O próprio relatório de sustentabilidade do Itaú revela que houve aumento de 14% no número de desligamentos de mulheres negras no banco em 2011 em comparação com o ano anterior. Além disso, segundo o Mapa da Diversidade, feito pela Febraban e divulgado em 2009, os negros e pardos constituíam 19% da mão-de-obra bancária, ao passo que hoje esse índice está em 18%.


“Os dados desmascaram mais um truque dos banqueiros, que se utilizam do Relatório Anual de Informações Sociais (Rais) do Ministério do Trabalho e Emprego, que engloba o sistema financeiro como um todo, para dizer que está havendo sim contratações de negros. Só que, como nos bancos públicos as admissões se dão via concurso, a realidade acaba não aparecendo”, afirmou Andrea Vasconcelos, secretária de Políticas Sociais da Contraf-CUT.

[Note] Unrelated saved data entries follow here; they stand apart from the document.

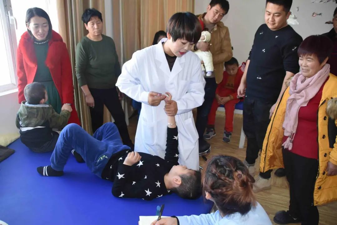 山丹縣溫馨日間照料中心l理事長莊月英為殘障兒童開展康復治療
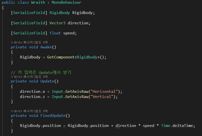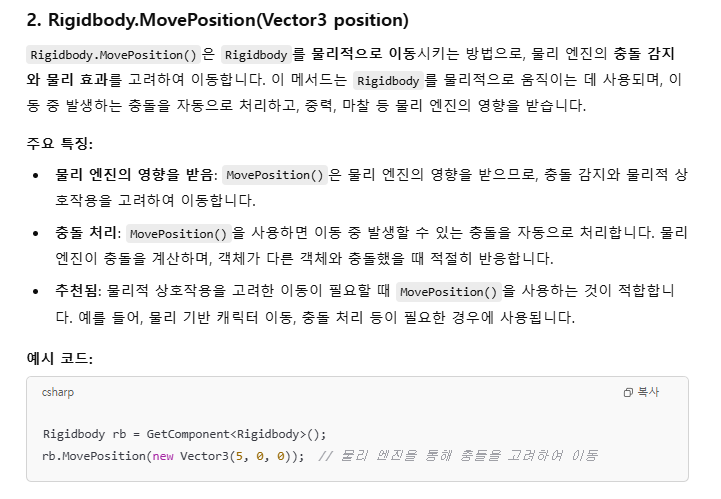 Rigidbody를 사용한 이동과 transform을 사용한 이동의 차이점Rigidbody : 물리 기반의 움직임을 구현할 때 사용된다. 물리적인 힘, 충력, 충돌 효과로 객체가 이동하게 됨 - Rigidbody 컴포넌트가 연결된 게임 오브젝트의 위치를 나타내는 Vector3의 값
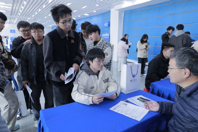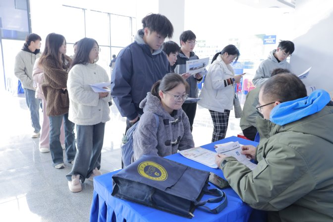 初冬的招聘大厅里,暖气蒸腾着年轻的气息。毕业生们身着正装、手持简历穿梭于各个招聘展位之间。部分企业展位前,蜿蜒的队伍已排至大厅拐角,后排学生踮脚张望着招聘海报。招聘代表耐心解答毕业生提问,有的甚至现场开启了面试。本次招聘会邀请到凯盛科技、三星树脂、中光电科技等蚌埠地区代表性企业,围绕新材料产业,每家企业结合学校毕业生特点精心筛选岗位,主要涉及机械、电气、材化、食品等学院专业,同时兼顾经管、文教、外语等学院专业。据统计,本次招聘会用人单位共计收到简历388份。(撰稿:赵冠军;编辑:马小皊、毛星懿;审核:赵思莉、黄灿)

Limpeza étnica e invisibilidade visível – Diante dos números, a Contraf-CUT classificou de limpeza étnica a política dos bancos privados de demitir preferencialmente negros (e mulheres negras) e lançou um desafio à ministra. Que ela, acompanhada de dirigentes sindicais, percorra agências de bancos privadas na região do centro de Brasília, e mesmo na Esplanada dos Ministérios, para comprovar que não há negros trabalhando nos bancos e, quando há, eles são minoria absoluta.